What you should do:
Begin your copy at the line that holds "Level: Middle | |" and carry it through the final line of the data, writing out each line exactly and omitting pictures.

== Given data

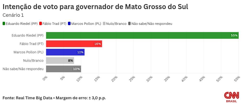 No primeiro cenário, Riedel desponta com 55%, em seguida o ex-deputado federal Fábio Trad (PT) tem 16%. O deputado federal Marcos Pollon (PL) soma 11%.
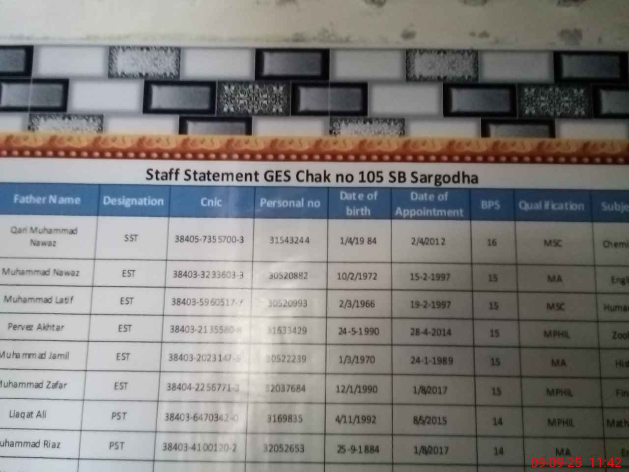 | District: SARGODHA | Tehsil: SARGODHA | Markaz: PULL 111-SB - MALE | Level: Middle | |
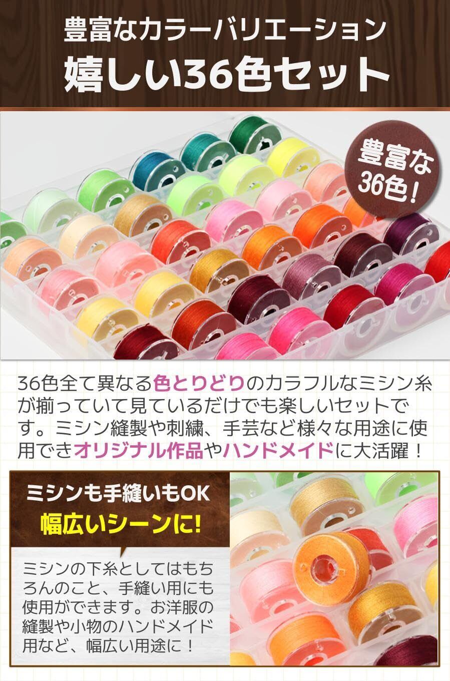 【嬉しい36色セット】36色全て異なる色とりどりのカラフルなミシン糸が揃っていて見ているだけでも楽しいセットです。ミシン縫製や刺繍、手芸など様々な用途に使用できオリジナル作品やハンドメイドに大活躍!
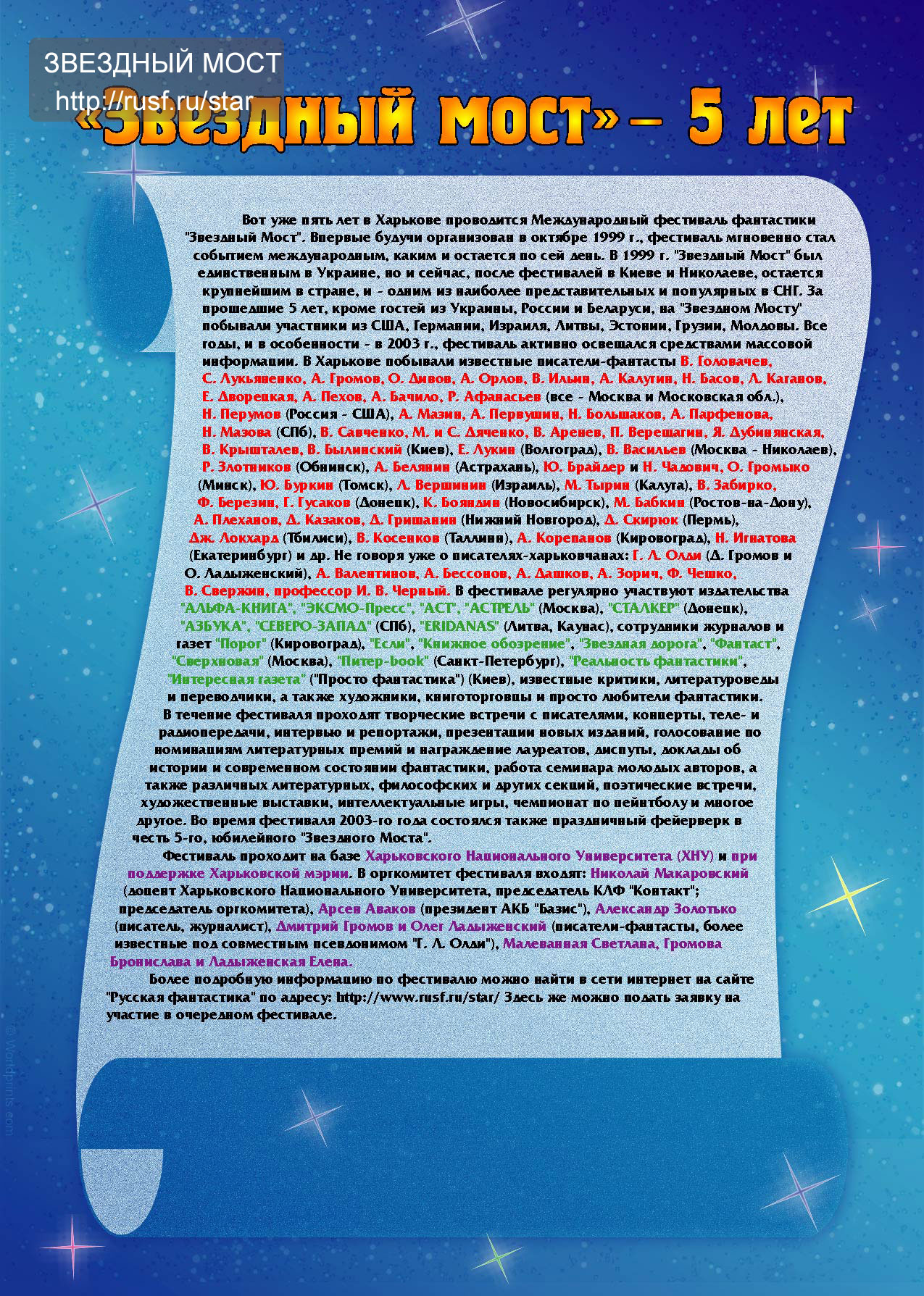 РУССКАЯ ФАНТАСТИКА | ЗВЕЗДНЫЙ МОСТ [ Оргкомитет ] [ Списки ] [ Фотоархив ] [ Статьи ] [ Премии ] [ Доклады ] [ Музыка ] [ Заявка ] [ Форум ]

====

Response to this task:
 | District: SARGODHA | Tehsil: SARGODHA | Markaz: PULL 111-SB - MALE | Level: Middle | |
 【嬉しい36色セット】36色全て異なる色とりどりのカラフルなミシン糸が揃っていて見ているだけでも楽しいセットです。ミシン縫製や刺繍、手芸など様々な用途に使用できオリジナル作品やハンドメイドに大活躍!
 РУССКАЯ ФАНТАСТИКА | ЗВЕЗДНЫЙ МОСТ [ Оргкомитет ] [ Списки ] [ Фотоархив ] [ Статьи ] [ Премии ] [ Доклады ] [ Музыка ] [ Заявка ] [ Форум ]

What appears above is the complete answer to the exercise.